As for the final team? The 2012 Oklahoma City Thunder won Game 1 at home, then watched our old friend LeBron help lead his team to four straight wins and his first NBA title. What a nice bit of serendipidity that is.

Yet homecourt advantage only explains a certain percentage of the NBA’s lack of historic comebacks. After all, MLB has had that same 2-3-2 format for over 80 years. Why should such a massive gap exist between baseball and basketball comebacks?

The answer is difficult to pin down, but it’s probably threefold. First, homecourt advantage tends to be more meaningful in the NBA, especially in the postseason, than it is in MLB. Whether it’s the nature of role players in basketball or the impact officials can have on the game, it’s historically been slightly easier to win on the road in baseball.

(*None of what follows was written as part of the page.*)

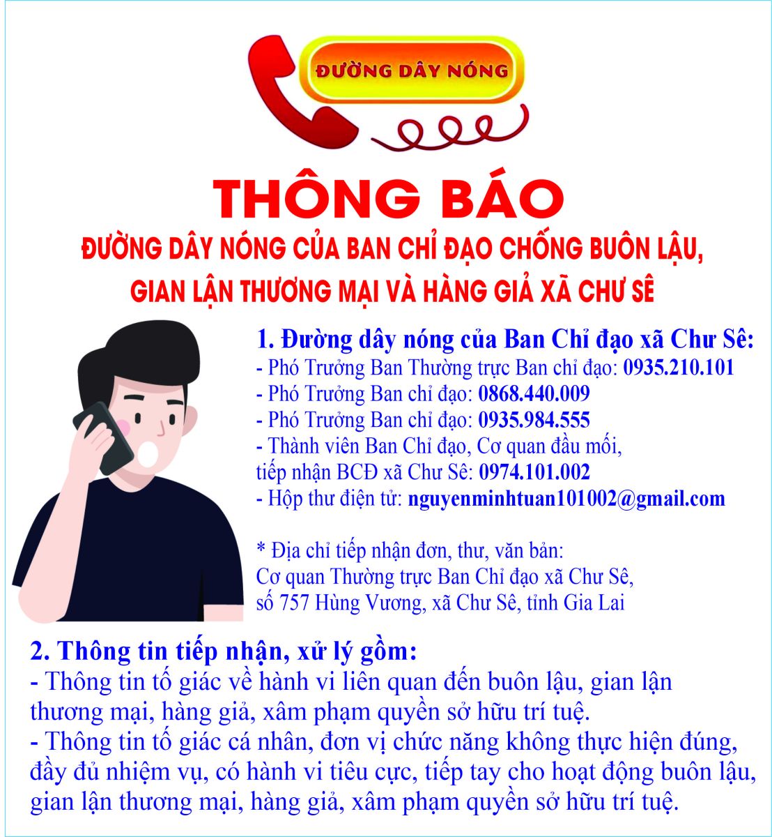 Ban Chỉ đạo xã Chư Sê Thông báo đường dây nóng tiếp nhận thông tin tố giác
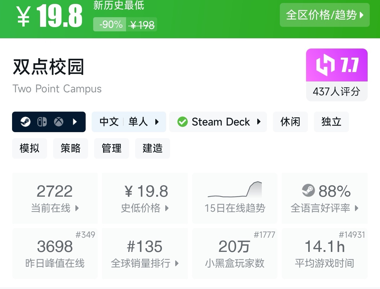 大家好,沒錯,又是我,你們的老朋友亦然,在今天,就是國慶第三天,秋促第四天了,秋促已經過半了,盒友們怎麼安排接下來的時間,旅遊還是打遊戲,當然大促,便宜又好玩的遊戲也有很多,就比如20元以下的遊戲,我將爲各位進行一個彙總,希望我的彙總,能夠幫助各位盒友挑選心儀的遊戲。

Second, homefield advantage hasn’t always gone to the best team in the regular season in MLB. Prior to 2003, baseball alternated the "home" team in the World Series from year-to-year. From there, it’s no surprise that three of the five MLB comebacks from a 3-1 World Series deficit since 1925 have been completed by the "road" team in the series — that is, the team that had just 3 of the 7 games at home.

Third, there’s a fundamental difference between basketball and games like baseball and hockey. Variance is a more important factor in the latter, since there are so many fewer scoring opportunities. Scoring just one run or goal can win you a game in MLB or NHL; if you score just one basket in an NBA game, you’re probably not going to win that one. That’s just math.

Because a basketball game is the sum of so many baskets, the better team tends to win out over the long run — and that better team tends to be the one that takes a 3-1 lead in the first place. If, on average, I score on 50 percent of my chances and you score on 40 percent of your chances, and we each get 100 chances to score, my advantage is going to win out more frequently. If we each only get one or two shots, you might win simply because of luck.

It’s that same variance that could give the Cavaliers hope, however. Traditionally, the best basketball strategy was getting as close to the rim as possible for the highest percentage shot you could muster. The modern game embraces the 3-pointer, however — a more valuable shot that runs the risk of a lot of misses in a row if you go cold. That variance is likely part of the reason we’ve seen so many blowouts in the 2016 Finals. When one team gets hot and the other’s off, the game gets out of hand quickly. Combined with the fact that the NBA Finals are now 2-2-1-1-1, which means Cleveland doesn’t have to win twice in a row at Oracle, 2016 could be very different than the 3-1 deficits we’ve seen before.

So if the Cavs can get a little luck to go in their favor, and if LeBron and Kyrie Irving continue playing like they did in Game 5, Cleveland will have a chance at NBA history. Just don’t bet on it.